- **REQUIRED WORK**: Output the entries below unchanged, except for the pictures.

- **RECORDS SUPPLIED**:
———

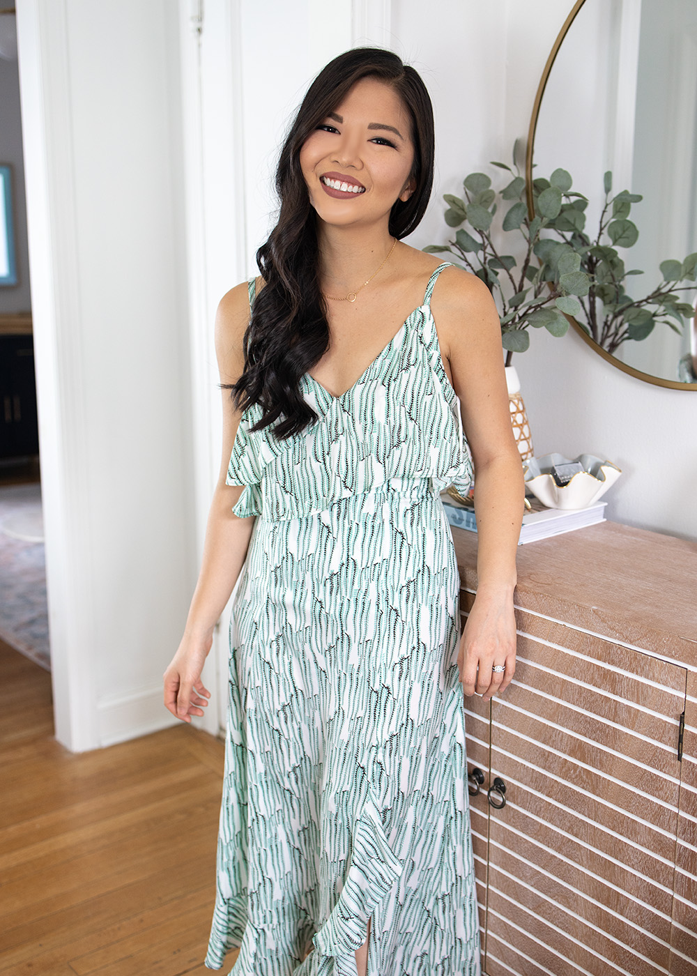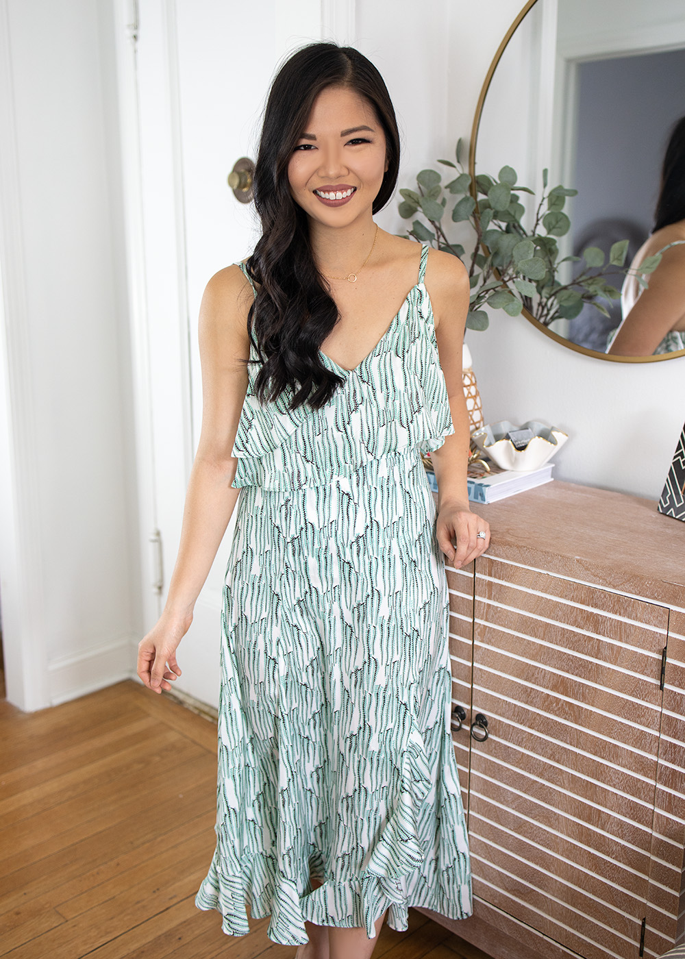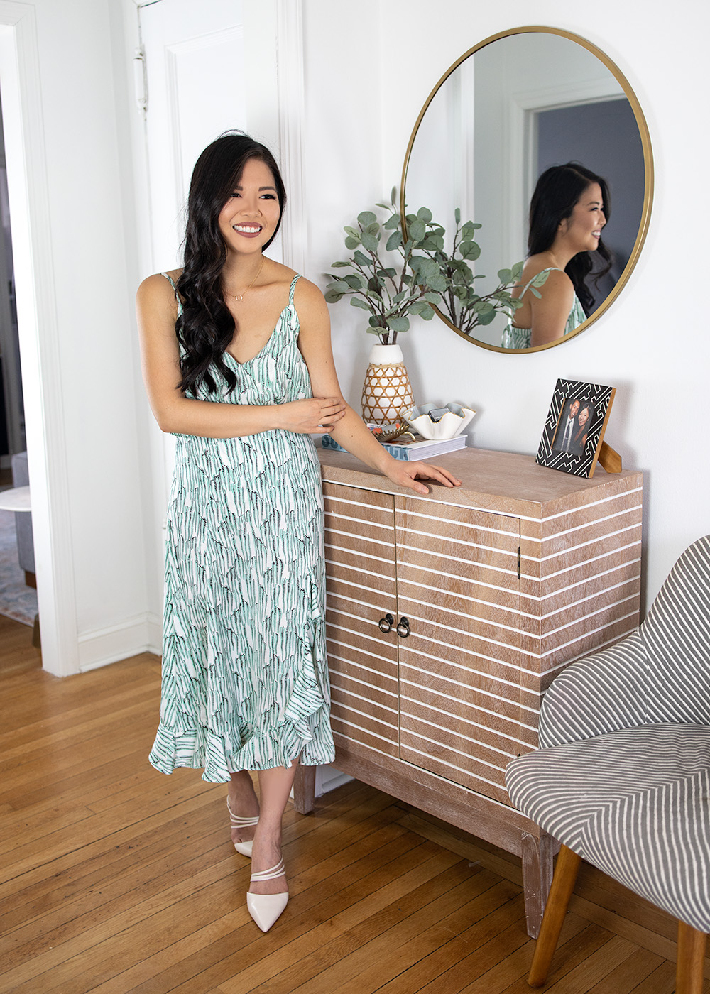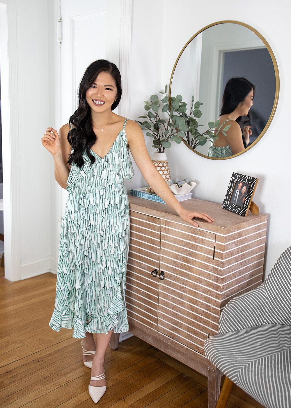 Outfit: Mint Ruffle Camisole (size 2 – on sale for $22) / Mint Ruffle Midi Skirt (size 4 – on sale for $35) / Gold Circle Necklace / Ivory Mule Pumps (c/o) / Decor: Gold Circle Mirror / Eucalyptus Branches / Woven Vase / Surf Shack Coffee Table Book / Striped Console
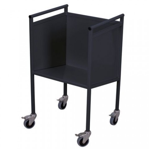Vozík pro převoz dokumentů s otevřenou boční stranou. Ložná plocha je nakloněná o 10 ° a zamezuje tak vypadávání dokumentů z vozíku. Rozměry užitné plochy 550 x 500 x 420 mm. Šedá kola z termoplastické pryže nezanechávající stopy na plastovém ráfku s přesnými kuličkovými ložisky. Čtyři otočná kolečka s brzdou o průměru 100 mm.Vozíky na dokumenty, 62,5 x 55 x 102,5 cm
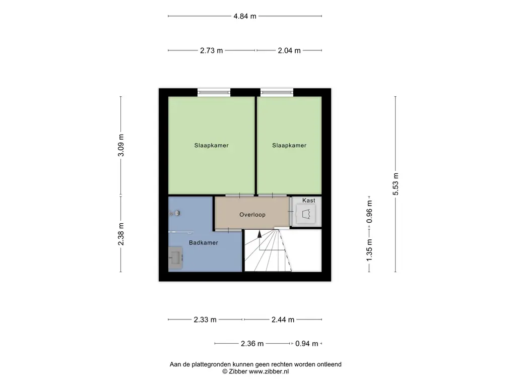 De overloop geeft toegang tot twee slaapkamers en de moderne badkamer, uitgerust met een inloopdouche, en wastafel. Op de overloop bevindt zich tevens een praktische vaste kast met de opstelplaats voor de wasmachine.
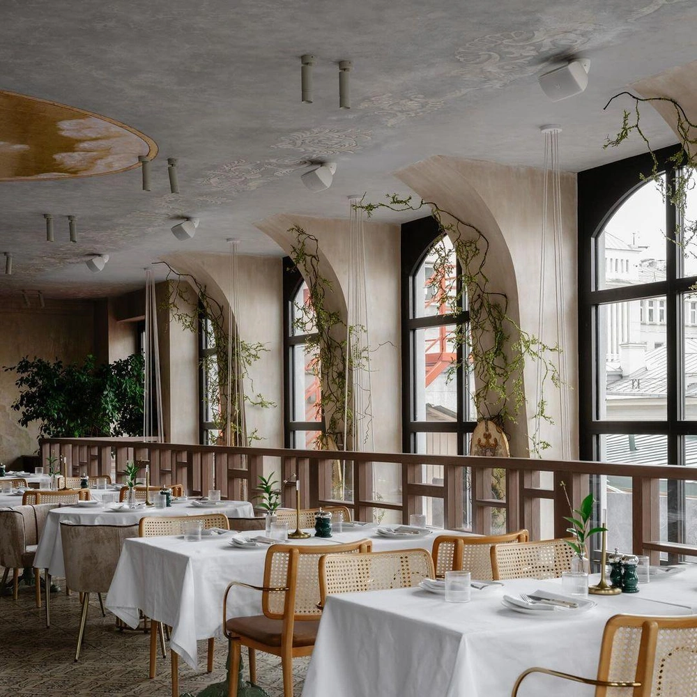 О ее проектах мы писали не раз на страницах myDecor, и уже немного привыкли к лаконичным, иногда даже монохромным пространствам, в котором царит полумрак, много бетона и необычных рукотворных деталей. Но Locanda удивила нас своей светлой, жизнерадостной, поистине итальянской атмосферой: семиметровые арочные окна, светлые залы, плафоны с голубым небом на потолке, фрески и живые растения — вы словно попадаете в настоящее итальянское палаццо и забываете, что находитесь в центре Москвы!
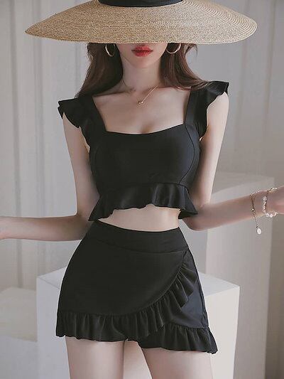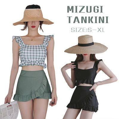 水着 タンキニ水着 韓国 レディース 体型カバー 可愛い フリル 小胸 水着 水着 タンキニ 露出控えめ セパレート 上下セット スカート 可愛い水着 安全パンツ みずぎ 学生 レディース スイム
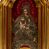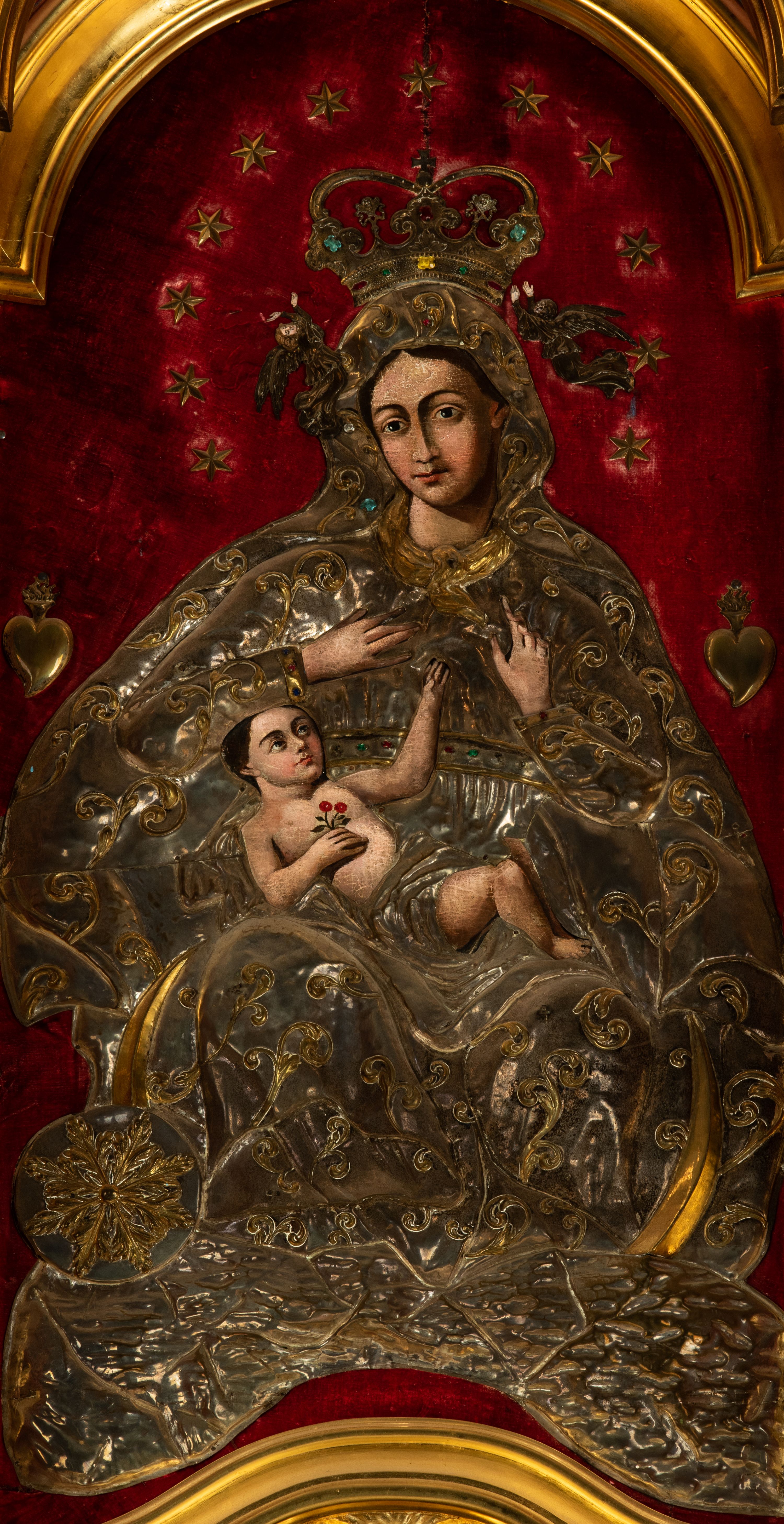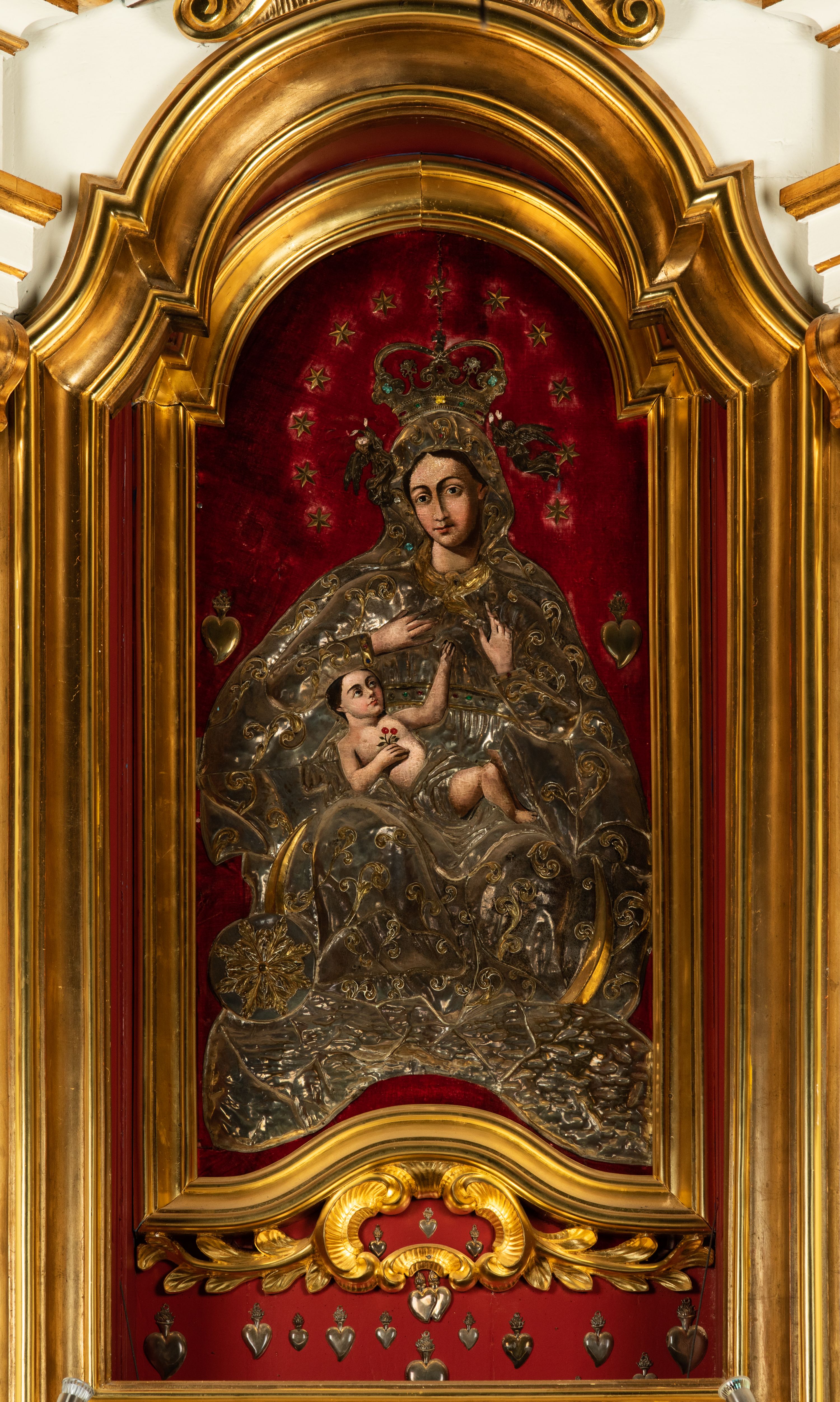 Obraz w kształcie stojącego prostokąta o wklęsło-wypukłej podstawie, zamkniętego nadwieszonym łukiem półkolistym, ujęty profilowaną, złoconą ramą przedstawia tronującą Madonnę z Dzieciątkiem. Maria zwrócona jest na wprost o nieznacznie przechylonej w lewo sylwetce. Skierowaną w trzech czwartych w prawo, lekko przechyloną głowę charakteryzuje owalna twarz o silnym modelunku światłocieniowym, wyrazistych łukach brwiowych, dużych oczach, długim, prostym nosie i wąskiej linii ust w odcieniu koralowym. Ciemne włosy rozdzielone są pośrodku głowy przedziałkiem. Partie szat Marii pokrywa metalowa osłona. Matka Boska ma na sobie srebrzoną suknię spiętą kameryzowanym paskiem, pod szyją jest zawiązana złocona chusta, a głowę, ramiona i nogi osłania srebrzony płaszcz zdobiony złoconym motywem wici roślinnej. Głowę Marii wieńczy zamknięta, kameryzowana korona podtrzymywana przez parę unoszących się po bokach aniołów. Prawą rękę składa na piersi, lewą unosi z wyprostowanym palcem wskazującym. Na kolanach Matki Boskiej leży zwrócone w lewo i spoglądające na nią Dzieciątko. Zaokrągloną twarz charakteryzują wyraziste łuki brwi, duże, ciemne oczy, lekko zadarty nos, kształtne usta i wyraźnie zaznaczony podbródek. Nagą sylwetkę Jezusa okrywa w partii bioder pokryte metalową osłoną, srebrzone perizonium. W prawej, złożonej na piersi dłoni trzyma gałązkę z dwoma kwiatkami czerwonej róży, lewą rękę wyciąga do góry, w kierunku dłoni Marii. Pod stopami Matki Boskiej jest złocony sierp półksiężyca, z tarczą słoneczną w formie rozety po lewej stronie kompozycji, poniżej srebrzone obłoki. Głowę Madonny okala krąg 12 gwiazd, po bokach, na wysokości ramion jest para wotów w kształcie serca. Tło wyłożone jest czerwonym aksamitem.

———

- **ANSWER SPACE**:
 Outfit: Mint Ruffle Camisole (size 2 – on sale for $22) / Mint Ruffle Midi Skirt (size 4 – on sale for $35) / Gold Circle Necklace / Ivory Mule Pumps (c/o) / Decor: Gold Circle Mirror / Eucalyptus Branches / Woven Vase / Surf Shack Coffee Table Book / Striped Console
Vozík pro převoz dokumentů s otevřenou boční stranou. Ložná plocha je nakloněná o 10 ° a zamezuje tak vypadávání dokumentů z vozíku. Rozměry užitné plochy 550 x 500 x 420 mm. Šedá kola z termoplastické pryže nezanechávající stopy na plastovém ráfku s přesnými kuličkovými ložisky. Čtyři otočná kolečka s brzdou o průměru 100 mm.Vozíky na dokumenty, 62,5 x 55 x 102,5 cm
 De overloop geeft toegang tot twee slaapkamers en de moderne badkamer, uitgerust met een inloopdouche, en wastafel. Op de overloop bevindt zich tevens een praktische vaste kast met de opstelplaats voor de wasmachine.
 О ее проектах мы писали не раз на страницах myDecor, и уже немного привыкли к лаконичным, иногда даже монохромным пространствам, в котором царит полумрак, много бетона и необычных рукотворных деталей. Но Locanda удивила нас своей светлой, жизнерадостной, поистине итальянской атмосферой: семиметровые арочные окна, светлые залы, плафоны с голубым небом на потолке, фрески и живые растения — вы словно попадаете в настоящее итальянское палаццо и забываете, что находитесь в центре Москвы!
 水着 タンキニ水着 韓国 レディース 体型カバー 可愛い フリル 小胸 水着 水着 タンキニ 露出控えめ セパレート 上下セット スカート 可愛い水着 安全パンツ みずぎ 学生 レディース スイム
 Obraz w kształcie stojącego prostokąta o wklęsło-wypukłej podstawie, zamkniętego nadwieszonym łukiem półkolistym, ujęty profilowaną, złoconą ramą przedstawia tronującą Madonnę z Dzieciątkiem. Maria zwrócona jest na wprost o nieznacznie przechylonej w lewo sylwetce. Skierowaną w trzech czwartych w prawo, lekko przechyloną głowę charakteryzuje owalna twarz o silnym modelunku światłocieniowym, wyrazistych łukach brwiowych, dużych oczach, długim, prostym nosie i wąskiej linii ust w odcieniu koralowym. Ciemne włosy rozdzielone są pośrodku głowy przedziałkiem. Partie szat Marii pokrywa metalowa osłona. Matka Boska ma na sobie srebrzoną suknię spiętą kameryzowanym paskiem, pod szyją jest zawiązana złocona chusta, a głowę, ramiona i nogi osłania srebrzony płaszcz zdobiony złoconym motywem wici roślinnej. Głowę Marii wieńczy zamknięta, kameryzowana korona podtrzymywana przez parę unoszących się po bokach aniołów. Prawą rękę składa na piersi, lewą unosi z wyprostowanym palcem wskazującym. Na kolanach Matki Boskiej leży zwrócone w lewo i spoglądające na nią Dzieciątko. Zaokrągloną twarz charakteryzują wyraziste łuki brwi, duże, ciemne oczy, lekko zadarty nos, kształtne usta i wyraźnie zaznaczony podbródek. Nagą sylwetkę Jezusa okrywa w partii bioder pokryte metalową osłoną, srebrzone perizonium. W prawej, złożonej na piersi dłoni trzyma gałązkę z dwoma kwiatkami czerwonej róży, lewą rękę wyciąga do góry, w kierunku dłoni Marii. Pod stopami Matki Boskiej jest złocony sierp półksiężyca, z tarczą słoneczną w formie rozety po lewej stronie kompozycji, poniżej srebrzone obłoki. Głowę Madonny okala krąg 12 gwiazd, po bokach, na wysokości ramion jest para wotów w kształcie serca. Tło wyłożone jest czerwonym aksamitem.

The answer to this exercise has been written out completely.